• [TASK ITEM]: Your reply should reproduce each line below exactly and carry none of the pictures.

══ RECORDED INFORMATION ══

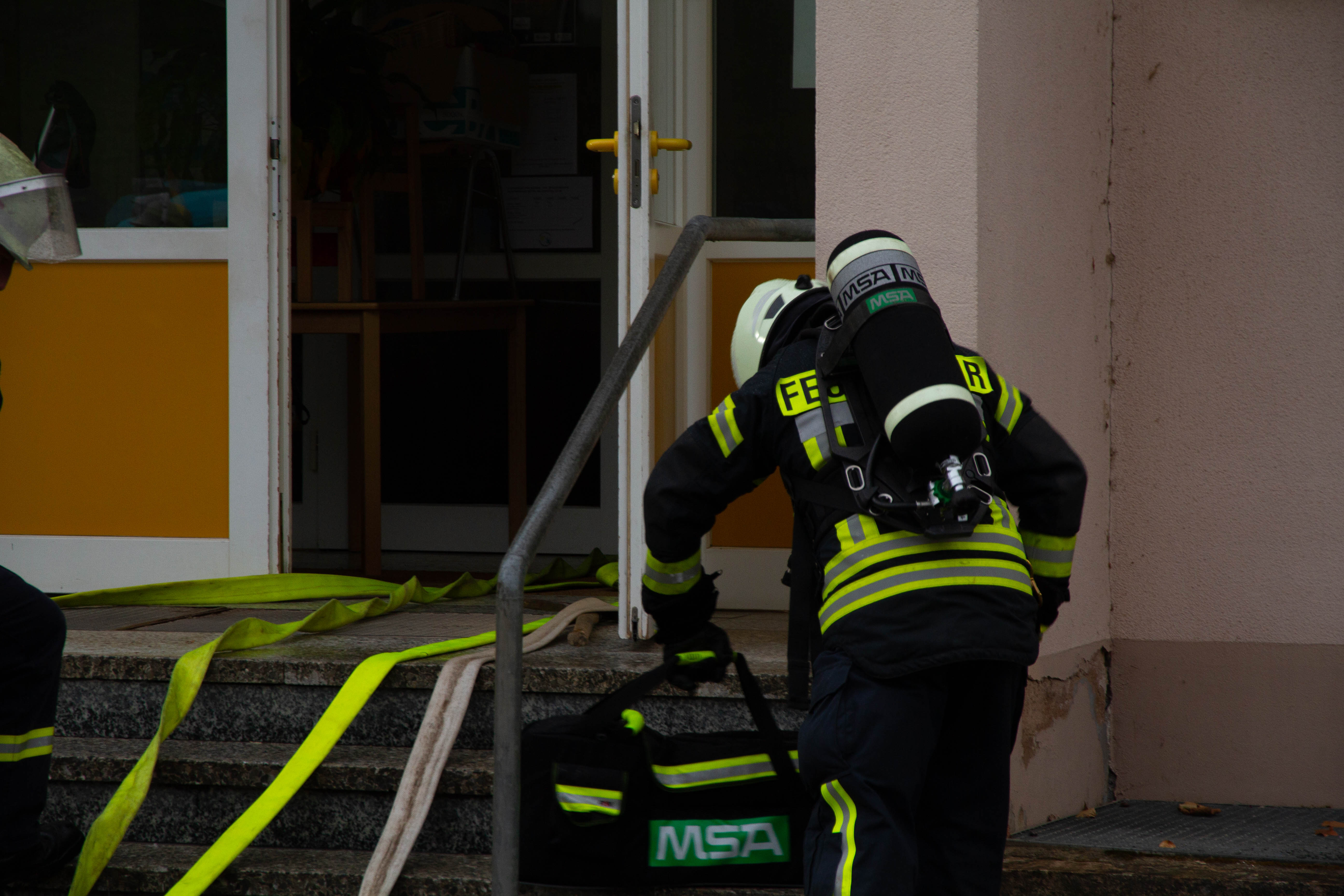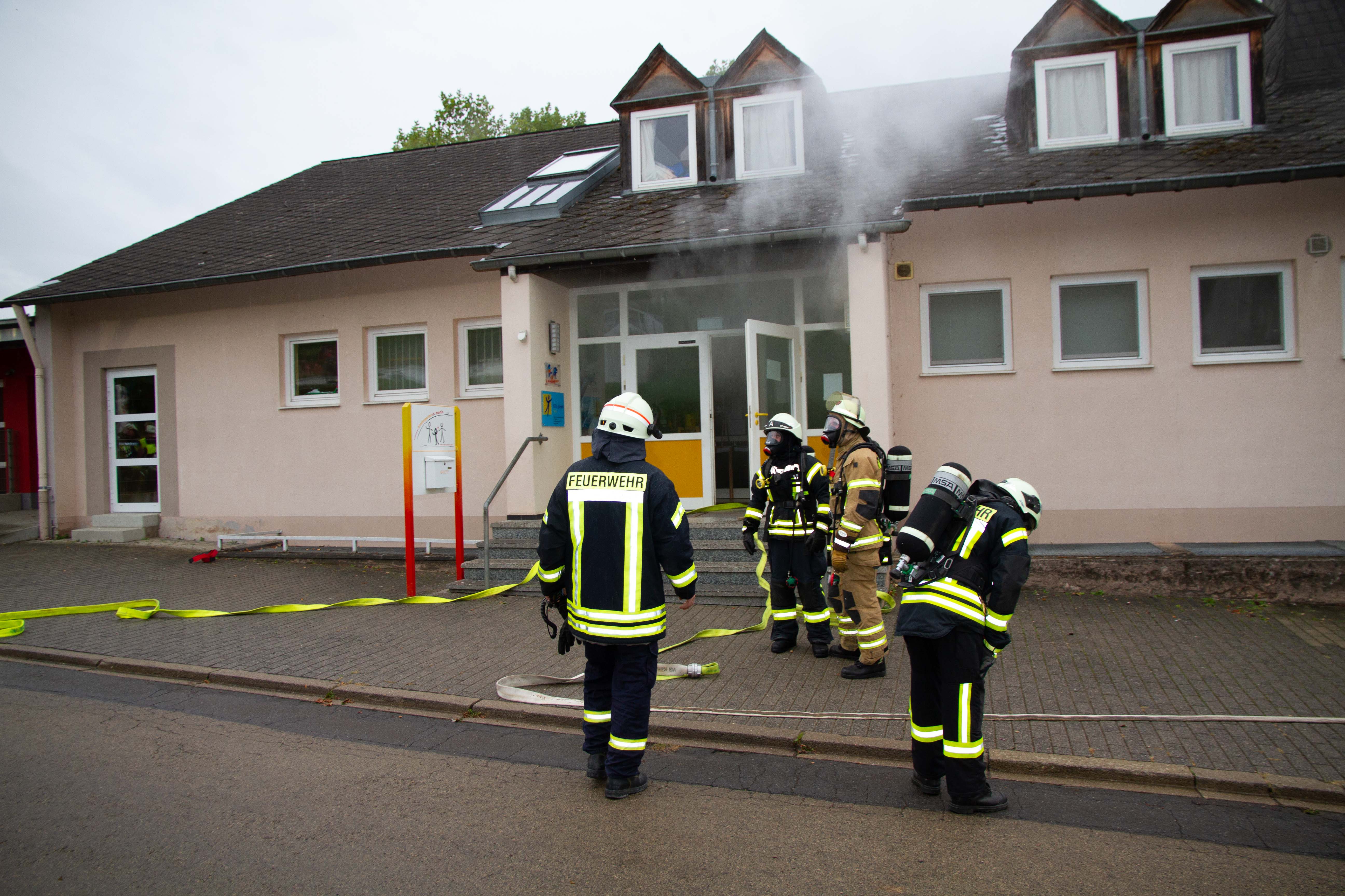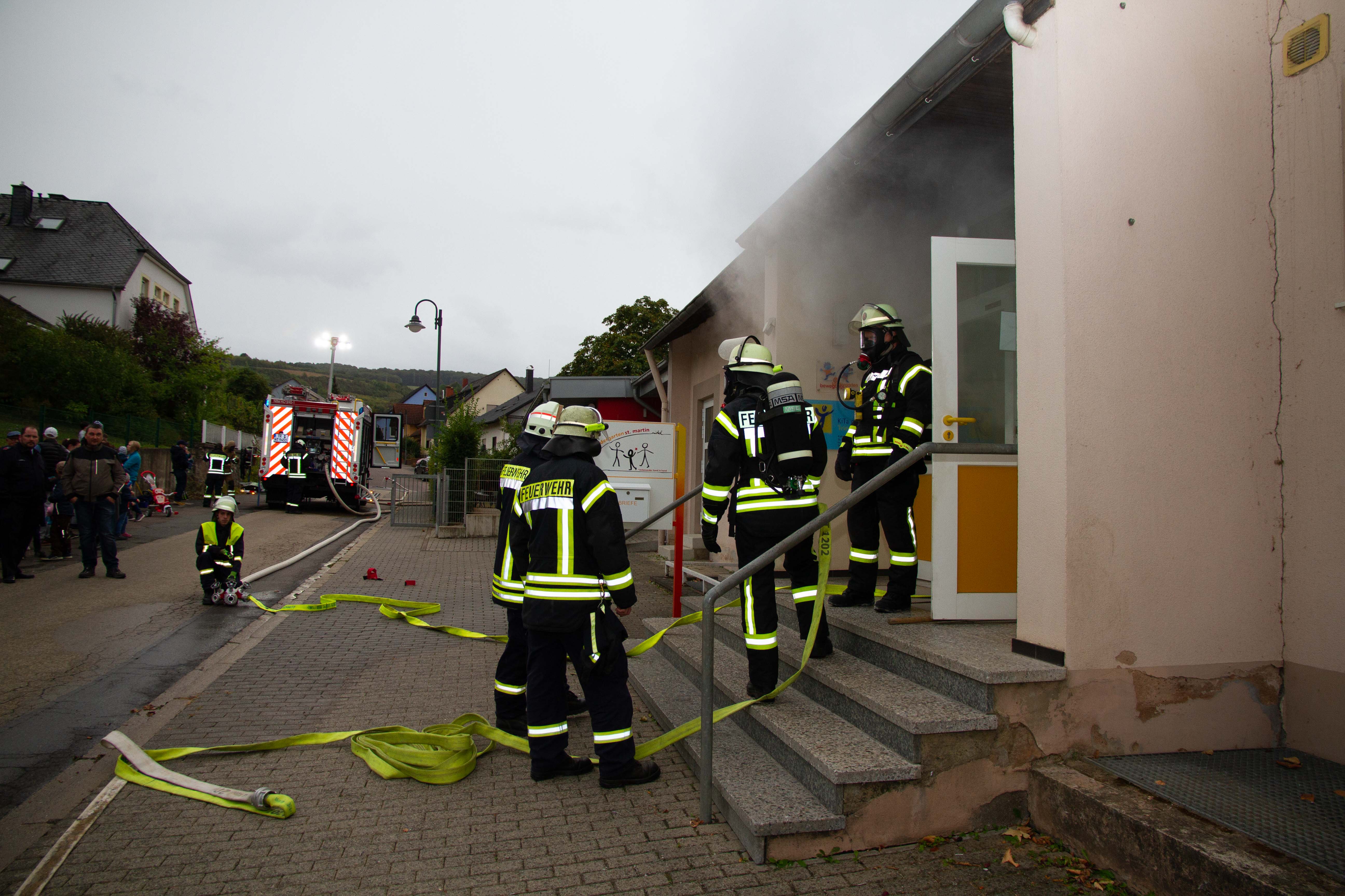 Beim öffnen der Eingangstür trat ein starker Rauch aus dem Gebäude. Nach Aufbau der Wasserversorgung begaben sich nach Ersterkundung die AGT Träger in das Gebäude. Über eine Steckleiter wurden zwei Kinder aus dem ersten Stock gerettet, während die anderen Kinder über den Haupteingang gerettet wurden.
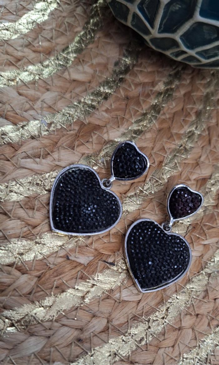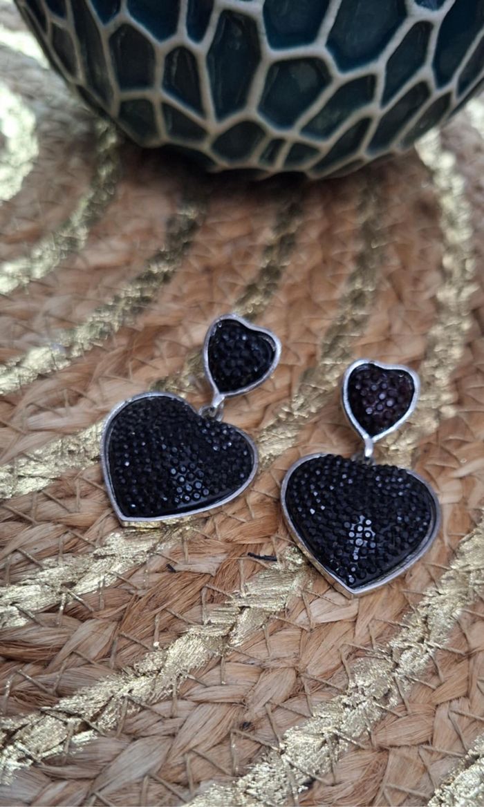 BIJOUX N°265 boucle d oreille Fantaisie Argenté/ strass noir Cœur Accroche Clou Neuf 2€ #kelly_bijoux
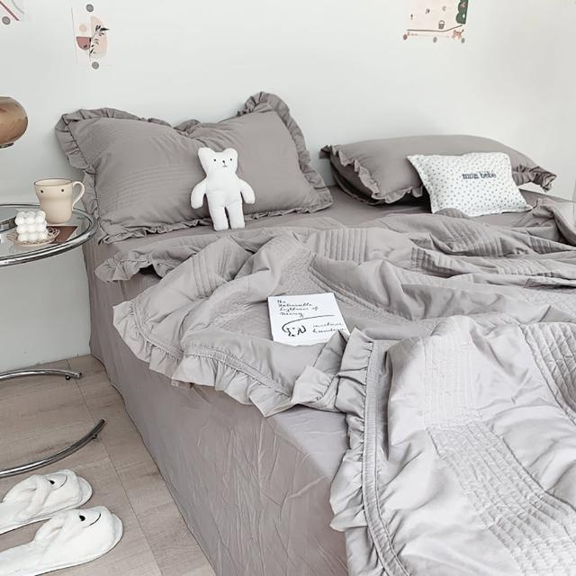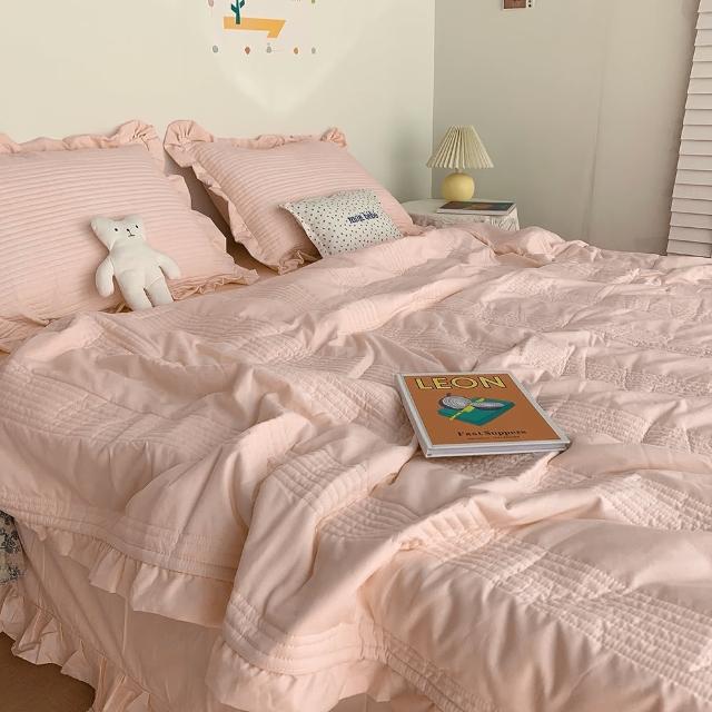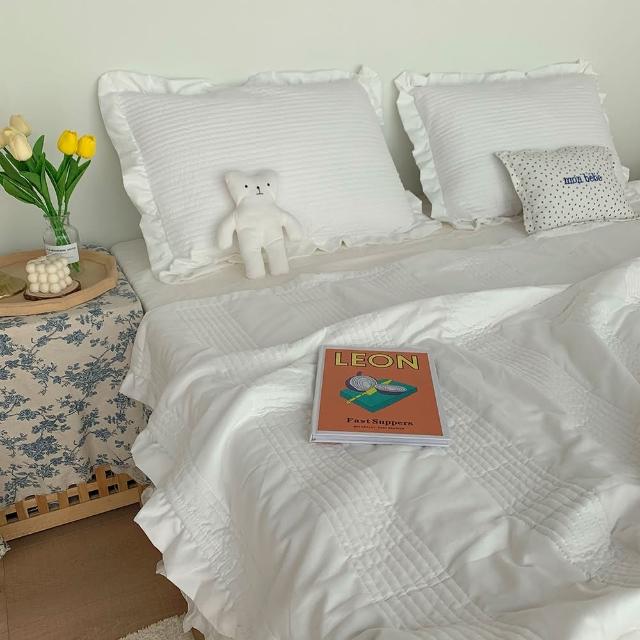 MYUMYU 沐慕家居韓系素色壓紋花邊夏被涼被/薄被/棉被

═══

• [ANSWER FOR THE TASK]:
 Beim öffnen der Eingangstür trat ein starker Rauch aus dem Gebäude. Nach Aufbau der Wasserversorgung begaben sich nach Ersterkundung die AGT Träger in das Gebäude. Über eine Steckleiter wurden zwei Kinder aus dem ersten Stock gerettet, während die anderen Kinder über den Haupteingang gerettet wurden.
 BIJOUX N°265 boucle d oreille Fantaisie Argenté/ strass noir Cœur Accroche Clou Neuf 2€ #kelly_bijoux
 MYUMYU 沐慕家居韓系素色壓紋花邊夏被涼被/薄被/棉被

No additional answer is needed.